In conclusion, thermal and quantum spin fluctuations in the chiral magnet MnSi, which are critically enhanced in association with classical and quantum phase transitions, give rise to asymmetric electron scatterings, leading to the large eMChE. Our finding sheds light not only on the cooperative phenomenon from spin fluctuations and spin chirality but also on the novel functionality in chiral magnets²³, such as the directional nonlinear magnetotransport.

Methods

Sample preparation

Single crystals of MnSi were synthesized with use of the Czochralski method. Their crystalline chirality was confirmed by using convergent beam electron diffraction (CBED) method (see also Supplementary Fig. 2 and Supplementary Note 3). By focused ion beam (FIB) technique (NB-5000, Hitachi), we cut the thin plates out of those single crystals. Sizes of the thin plates are typically ∼10 μm × 20 μm × 500 nm. The thin plates were mounted on a silicon stage and were fixed with the use of FIB-assisted tungsten-deposition.

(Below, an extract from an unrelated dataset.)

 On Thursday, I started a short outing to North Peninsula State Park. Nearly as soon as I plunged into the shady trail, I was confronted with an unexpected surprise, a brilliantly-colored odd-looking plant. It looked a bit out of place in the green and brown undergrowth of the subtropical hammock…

Gold electrodes were patterned by using photolithography and electron beam deposition. We prepared several thin-plate samples to confirm the reproducibility.

Transport measurements

Linear longitudinal resistivity and Hall resistivity were measured by using dc-transport option of Physical Property Measurement System (PPMS). Hydrostatic pressures were applied with use of a CuBe clamp cell, and the applied pressures were calibrated with pressure change of superconducting transition temperature of Pb. Second harmonic resistivity was measured by using a Lock-in technique (SR-830, Stanford Research Systems); we input low-frequency (f) ac current and measured second harmonic resistivity.

Data availability

The data that support the findings of this study are available from the corresponding author upon reasonable request.